Problem requirements
Entries below include pictures. Output exactly the lines from the one with "Hoe verwerk je" down to the one with "Прекрасная в своей", both ends included, and leave the pictures out.

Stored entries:
== Segment start ==
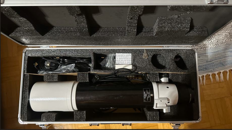 Zaradi neuporabe prodam teleskop z nekaj dodatne opreme, primeren in pripravljen za astrofotografijo. NI VKLJUČENA DIAGONALA in ISKALO, za vizualno opazovanje je potrebno dokupiti tudi okularje.
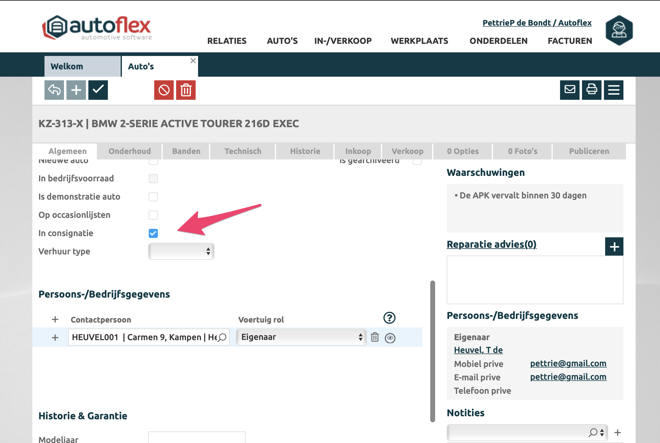 Hoe verwerk je de kosten bij een in consignatie voertuig?
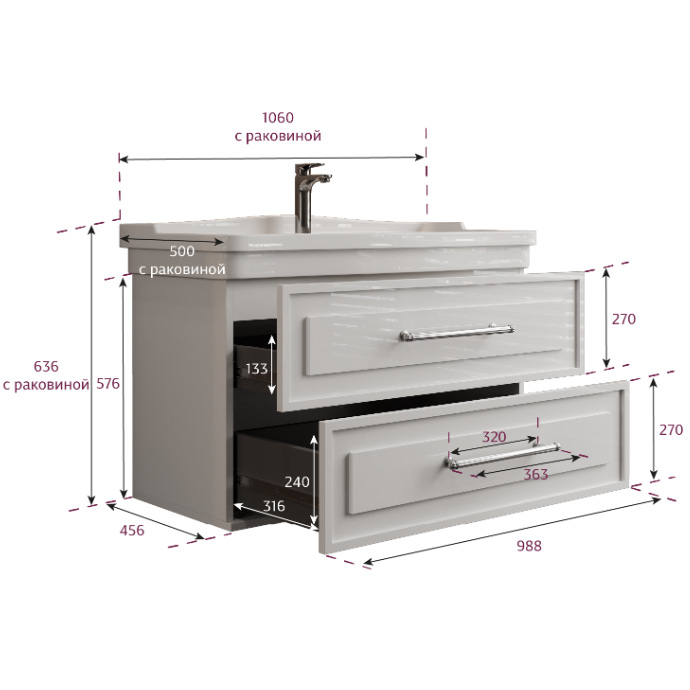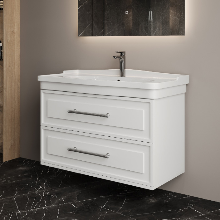 Прекрасная в своей индивидуальности подвесная тумба для ванной комнаты Onika Элисан 105 — беспроигрышный компромисс между красотой и функциональностью, классической внешностью и современным содержанием.
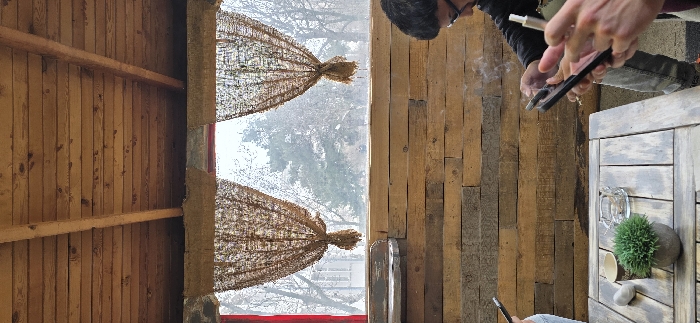 The image depicts an indoor or semi-enclosed seating area in Sliven, Bulgaria. The ceiling is constructed from exposed wooden planks and support beams. Below the ceiling, a raw concrete or rough-textured beam runs horizontally, beneath which two large windows are set into red frames. These windows are fitted with light brown, loosely woven fabric curtains tied back centrally. A wall section beneath the windows consists of horizontally arranged wooden planks. Through the windows, an exterior scene is visible, featuring bare deciduous trees, a prominent evergreen tree centrally positioned, and a building partially visible to the far left. The outdoor lighting appears diffuse. In the foreground, a rectangular table made of weathered wooden planks occupies the lower half of the frame. On the table, from left to right, are a white elongated smooth object, a light brown paper cup, a small artificial green plant in a grey pot, and a clear glass ashtray containing ash and at least one cigarette butt. At least three individuals are partially visible within the scene. On the right side, a person with dark hair, wearing glasses, is visible from the forehead down. This individual holds a dark-colored smartphone with both hands, actively engaging with its screen. A lit cigarette is held between fingers of the person's left hand, producing a plume of smoke. A metallic vaping device is also visible near their right hand. Adjacent to this individual's hands, another set of fingers is visible, also interacting with the same smartphone. On the far left, a hand and lower forearm, clothed in a light-colored long-sleeved garment, are visible holding another dark-colored smartphone.
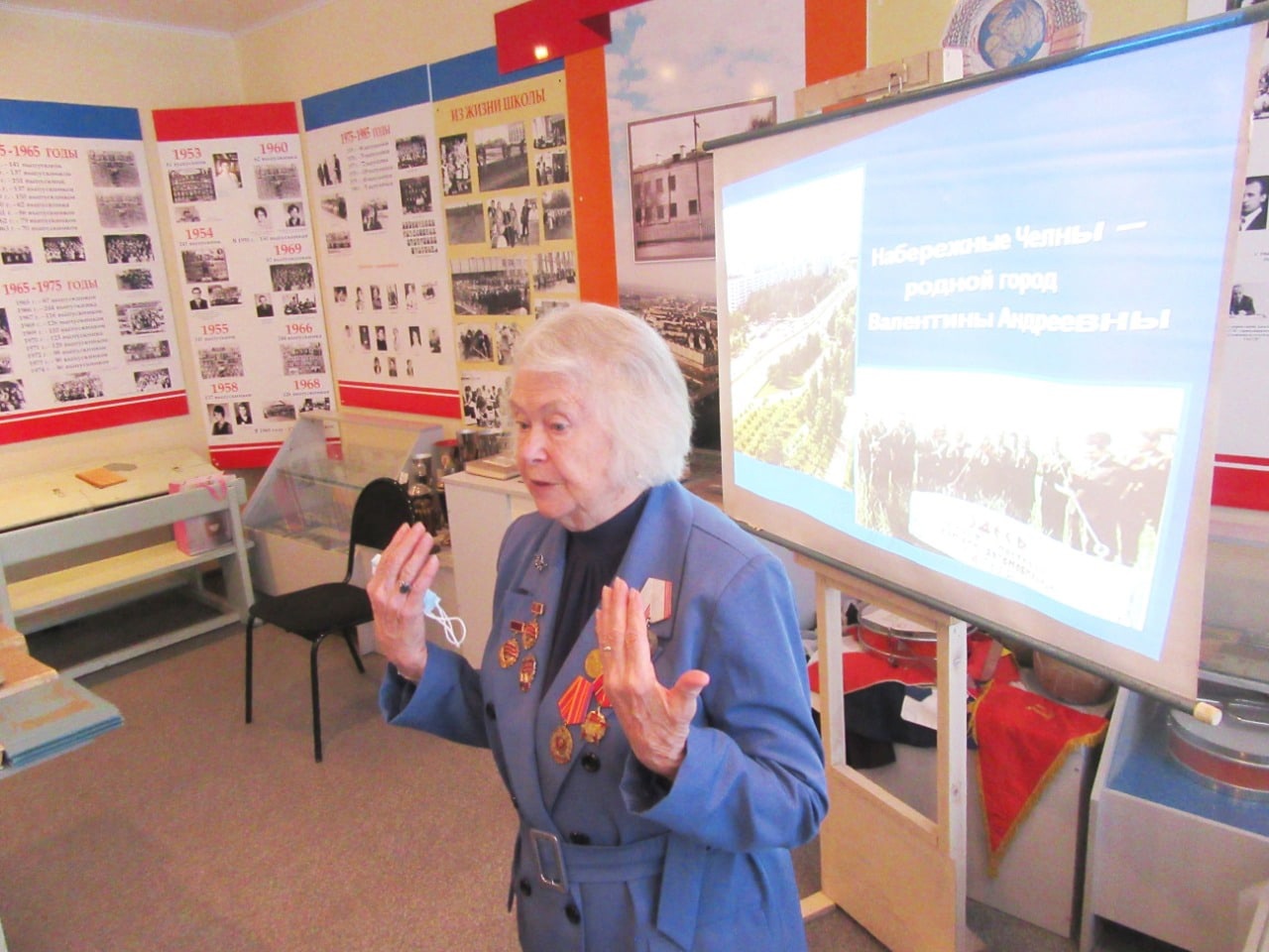 Опубликовано: 20.10.2021В рамках просветительской работы в Музее истории школы была организована встреча с Ветераном труда, выпускницей нашей школы 1954-1955 учебного года Забродиной Валентиной Андреевной. Гостья рассказала ученикам о своем жизненном пути. Ребята узнали много интересного о жизни города в годы строительства КАМАЗа.
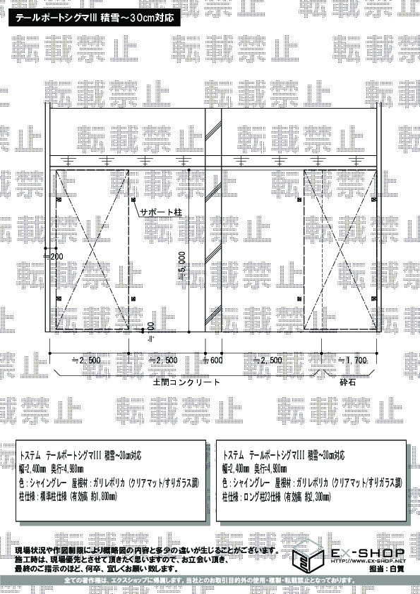 屋根高等 | ロング柱23仕様(有効高 約2,300mm) |
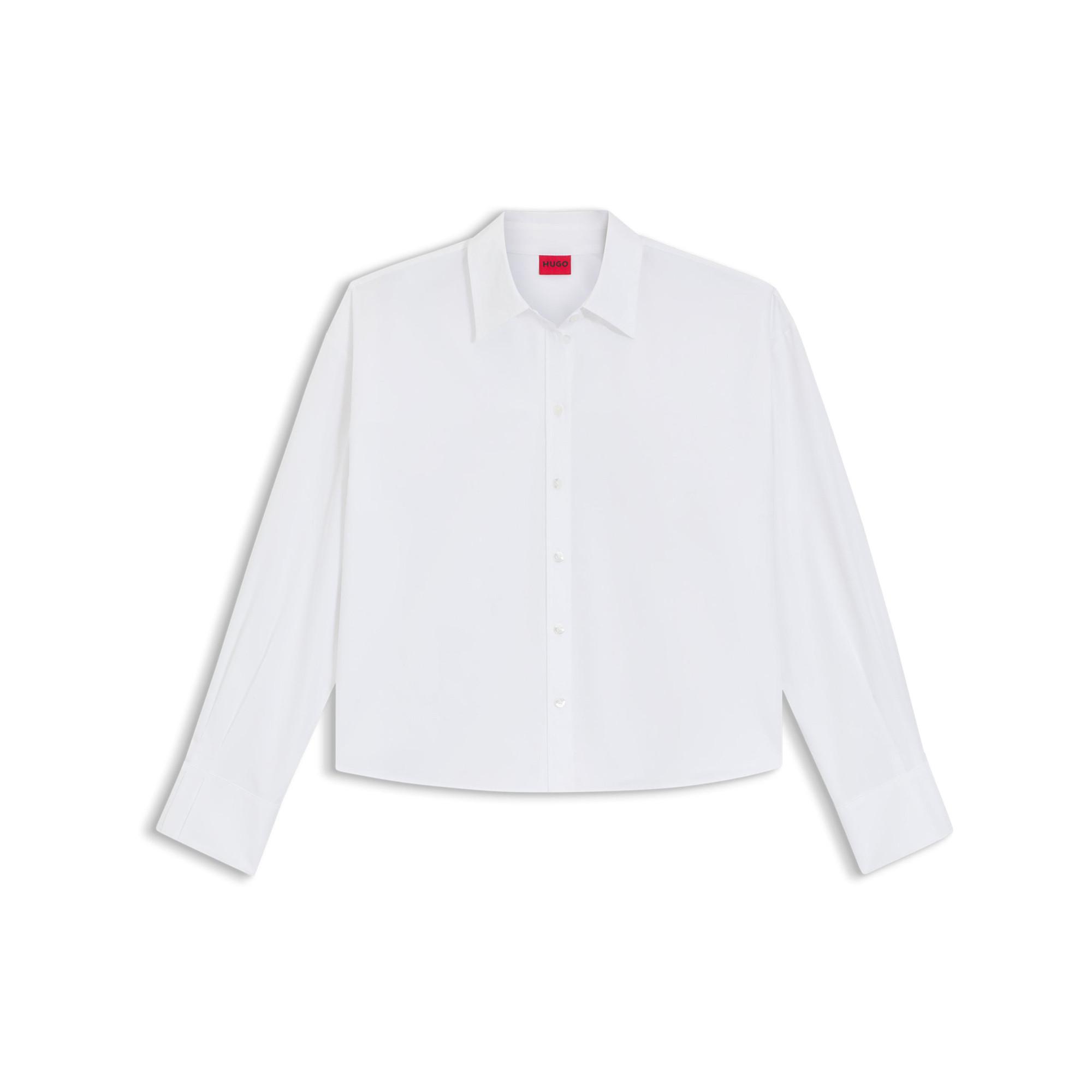Questa camicetta si distingue per la lunghezza accorciata e il classico colletto Kent, per un look contemporaneo. Realizzata in morbida popeline di cotone con gemelli dorati incisi con il logo. Parzialmente in cotone biologico – elegante e responsabile.
== Segment end ==
Written response
 Hoe verwerk je de kosten bij een in consignatie voertuig?
 Прекрасная в своей индивидуальности подвесная тумба для ванной комнаты Onika Элисан 105 — беспроигрышный компромисс между красотой и функциональностью, классической внешностью и современным содержанием.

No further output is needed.